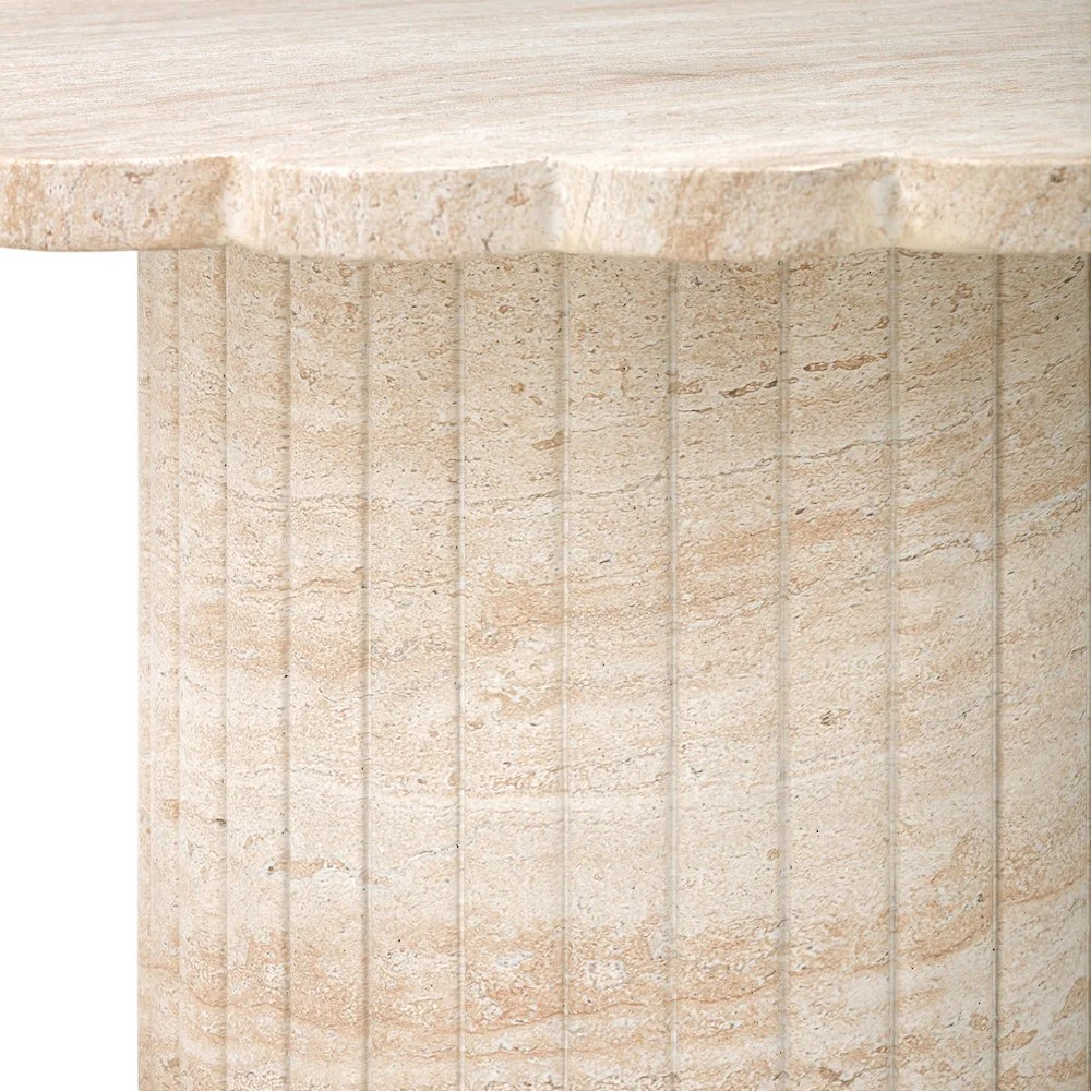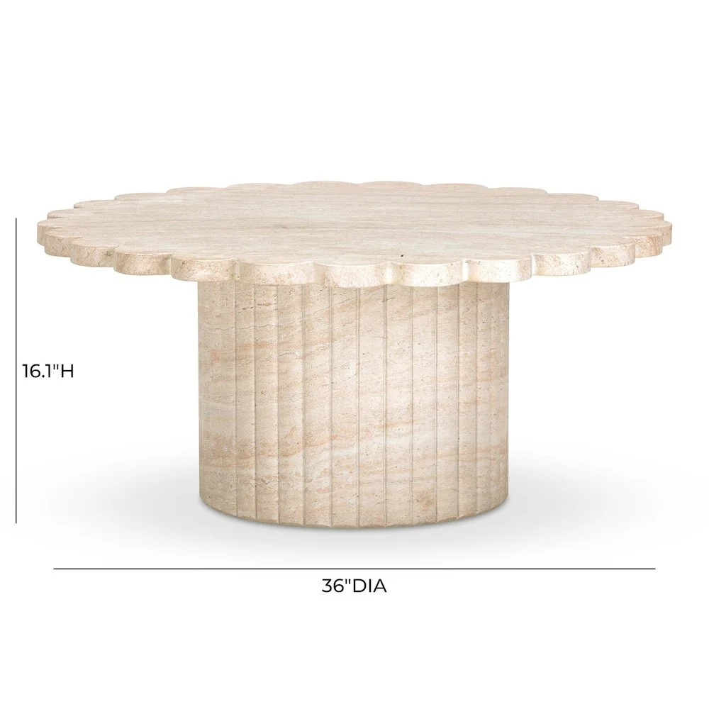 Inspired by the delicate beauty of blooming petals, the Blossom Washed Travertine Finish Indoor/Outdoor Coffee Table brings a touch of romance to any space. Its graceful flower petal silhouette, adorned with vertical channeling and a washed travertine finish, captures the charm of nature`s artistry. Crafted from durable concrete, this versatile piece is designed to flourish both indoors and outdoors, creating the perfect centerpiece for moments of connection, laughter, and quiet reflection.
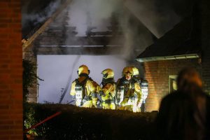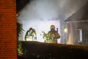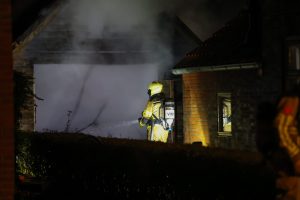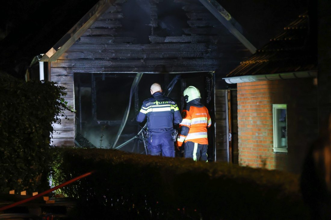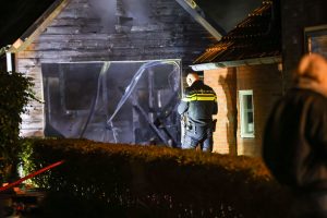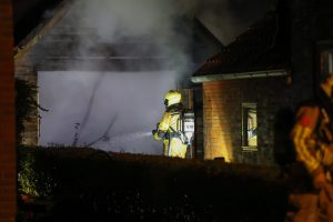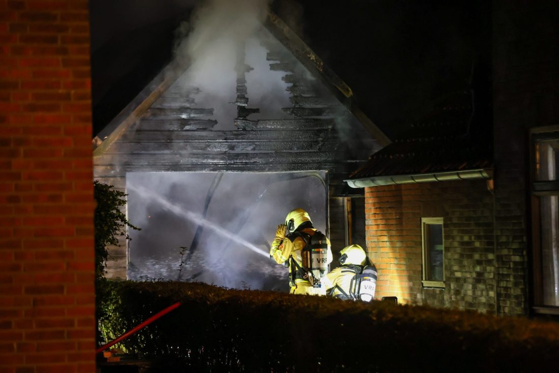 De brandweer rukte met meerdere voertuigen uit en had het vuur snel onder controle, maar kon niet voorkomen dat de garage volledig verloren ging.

**********

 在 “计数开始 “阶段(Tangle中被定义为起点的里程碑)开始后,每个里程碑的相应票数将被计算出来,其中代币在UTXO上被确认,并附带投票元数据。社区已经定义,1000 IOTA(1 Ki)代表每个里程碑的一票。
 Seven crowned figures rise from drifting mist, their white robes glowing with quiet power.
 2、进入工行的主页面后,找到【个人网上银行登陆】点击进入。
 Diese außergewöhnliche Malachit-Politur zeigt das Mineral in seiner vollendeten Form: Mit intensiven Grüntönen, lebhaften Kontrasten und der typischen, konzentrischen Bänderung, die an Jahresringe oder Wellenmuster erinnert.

**********

• _DESCRIPTION OF THE TASK_: From the records above, retype only the lines starting at the line that contains "2、进入工行的主页面后,找到【个人网上银行登陆】点击进入。" and ending at the line that contains "Diese außergewöhnliche Malachit-Politur", both included.

• _RESPONSE_:
 2、进入工行的主页面后,找到【个人网上银行登陆】点击进入。
 Diese außergewöhnliche Malachit-Politur zeigt das Mineral in seiner vollendeten Form: Mit intensiven Grüntönen, lebhaften Kontrasten und der typischen, konzentrischen Bänderung, die an Jahresringe oder Wellenmuster erinnert.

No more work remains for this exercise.